What to work on:
Line by line, set down the records below from the first line through the line containing "IMA-equipped Honda Civic Hybrid.". Omit the pictures.
--- Data records Enclosed Below ---
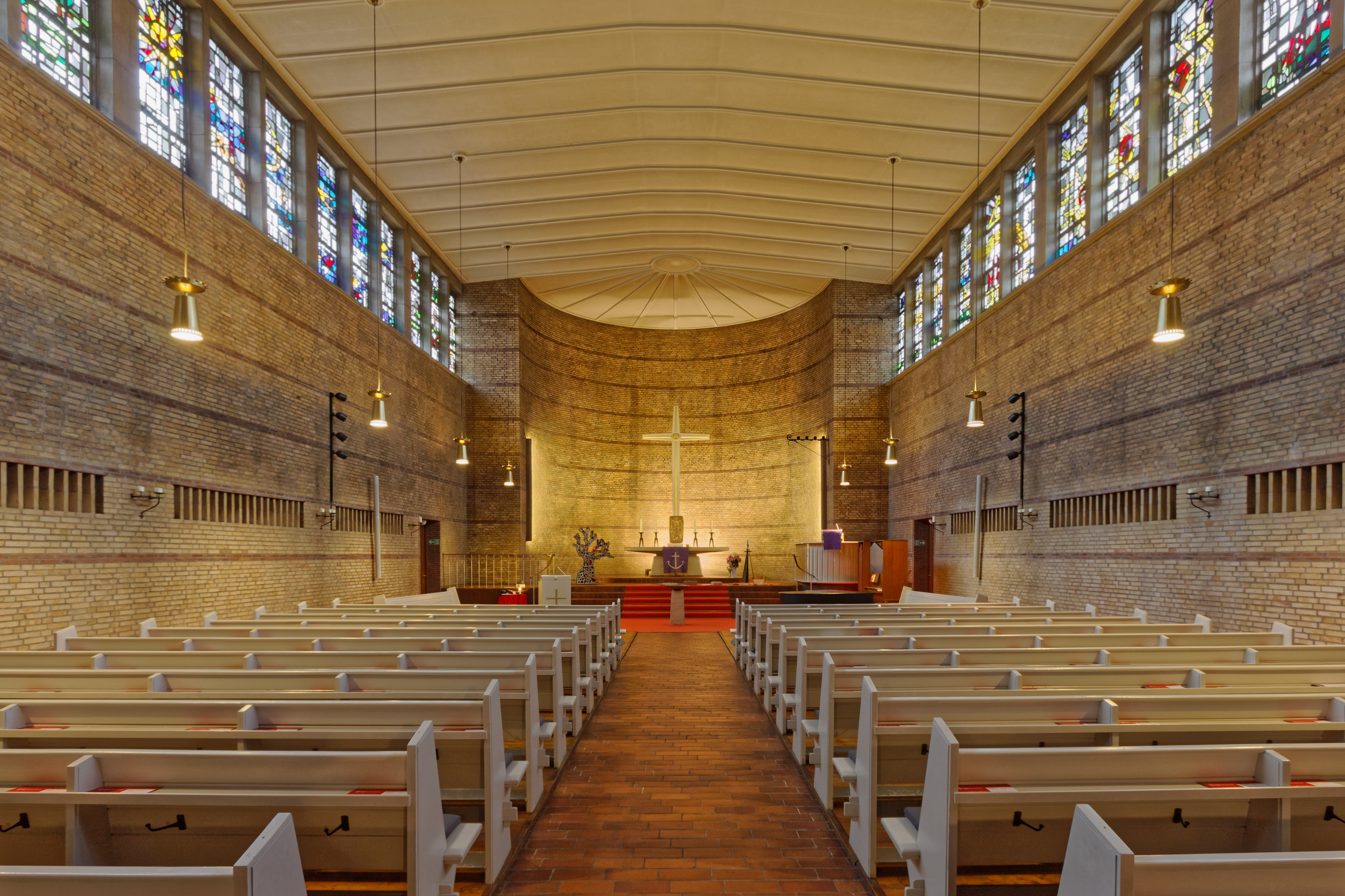 Paul-Gerhardt-church, Hamburg-Bahrenfeld, interior
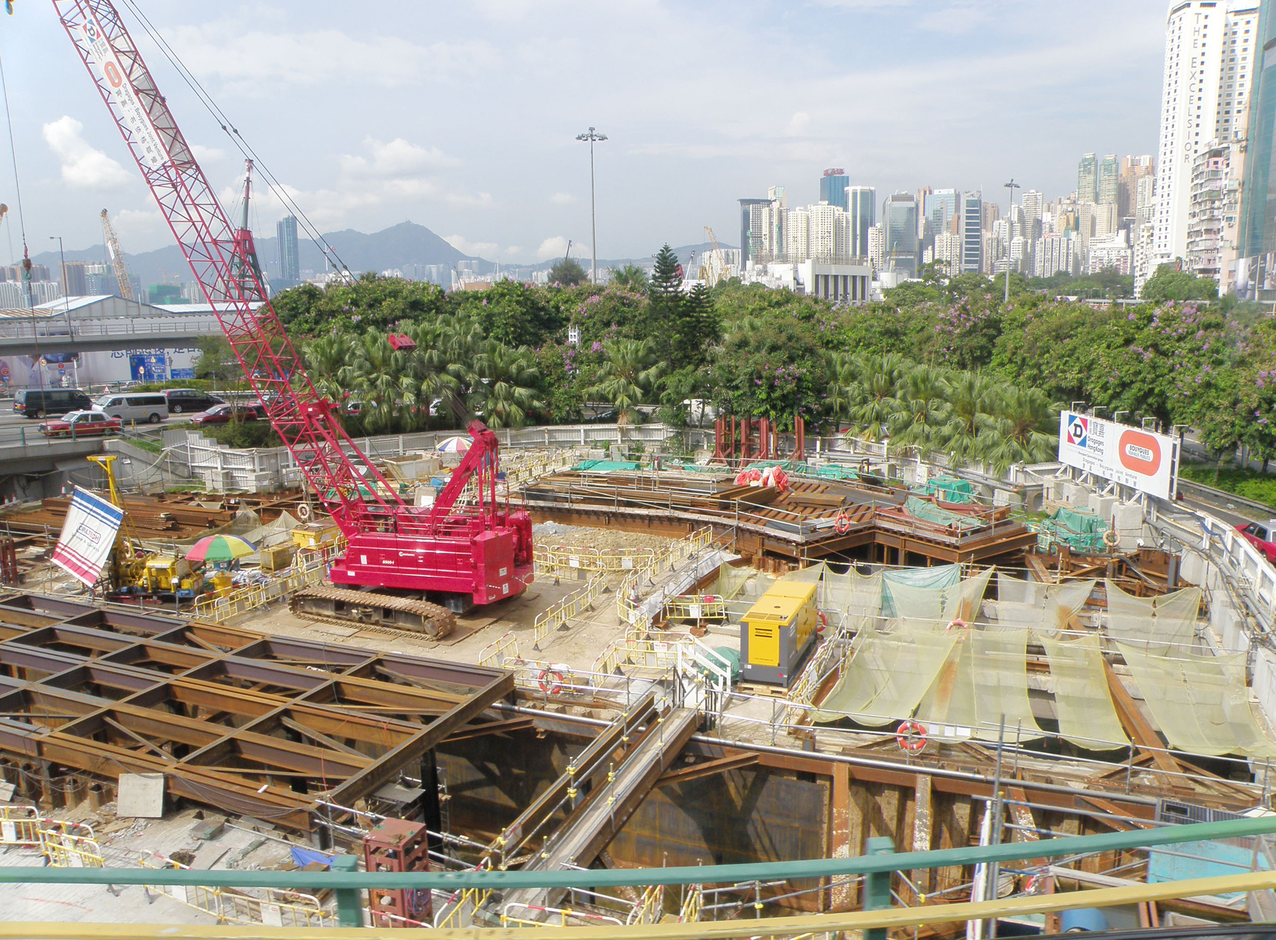 Shatin to Central Link in Causeway Bay, Hong Kong.
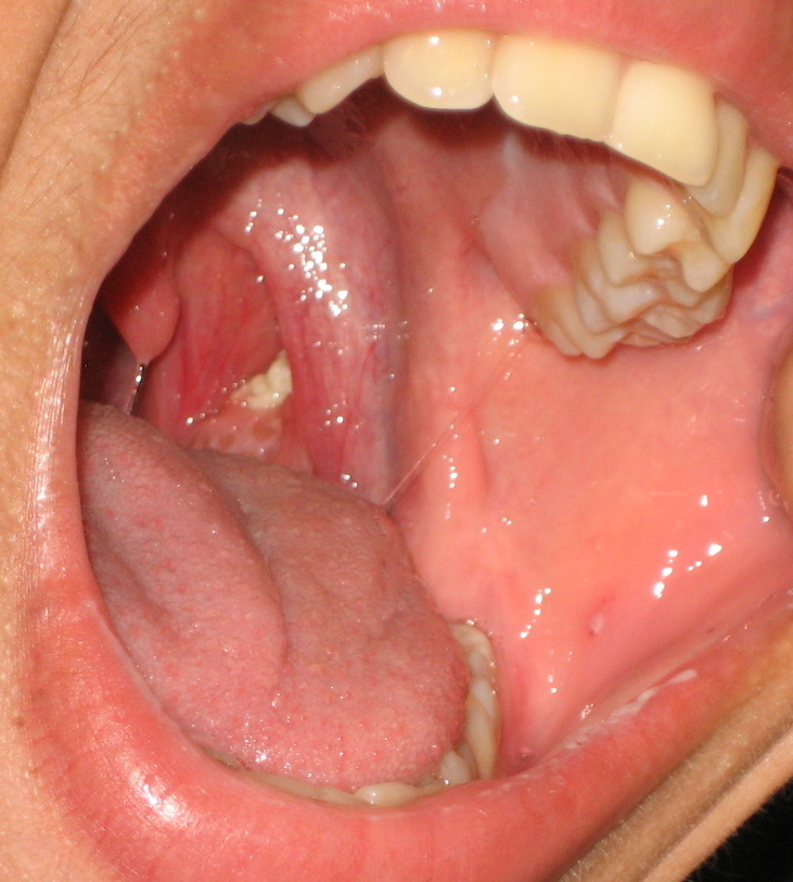 A tonsillolith back-up in my tonsilar crypt
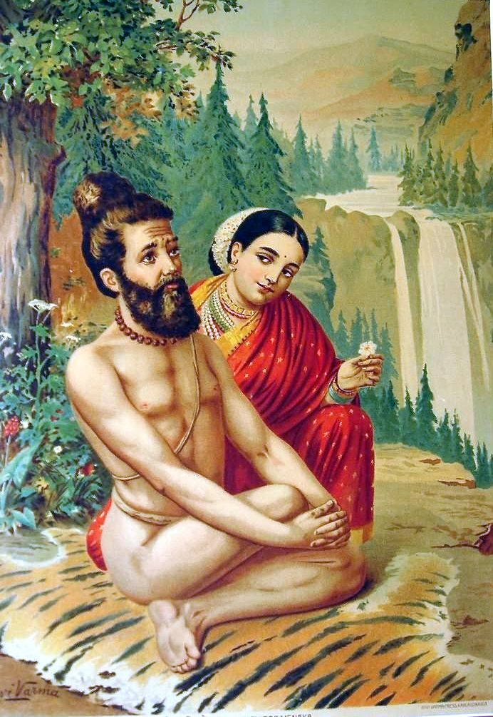 Menaka and Vishvamitra, in a painting by Raja Ravi Varma
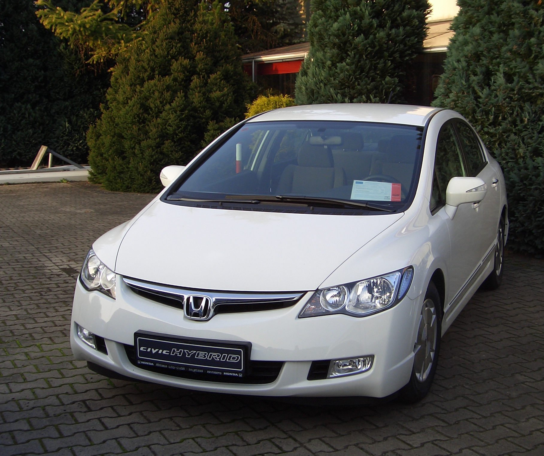 IMA-equipped Honda Civic Hybrid.
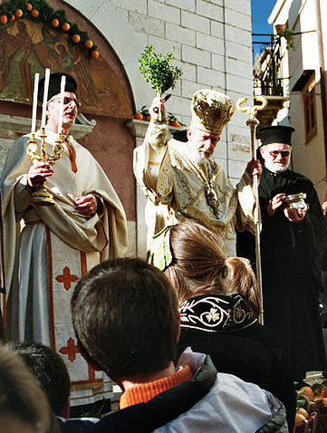 Piana degli Albanesi - Benediction by bishop Sotir Ferrara during the ceremony of Epiphany, 2007
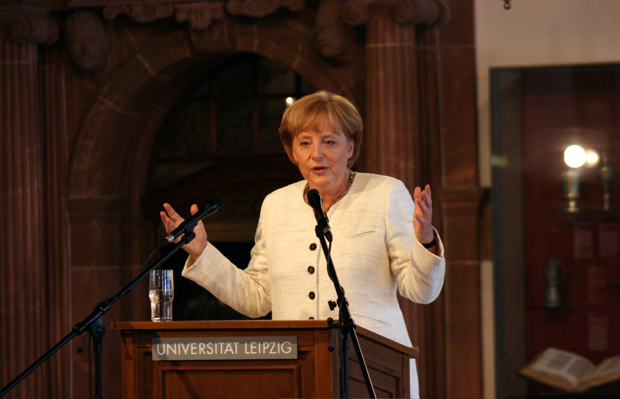 Angela Merkel after receiving an honorary doctorate at Leipzig University
--- End of Enclosed Data records ---
Answer box:
 Paul-Gerhardt-church, Hamburg-Bahrenfeld, interior
 Shatin to Central Link in Causeway Bay, Hong Kong.
 A tonsillolith back-up in my tonsilar crypt
 Menaka and Vishvamitra, in a painting by Raja Ravi Varma
 IMA-equipped Honda Civic Hybrid.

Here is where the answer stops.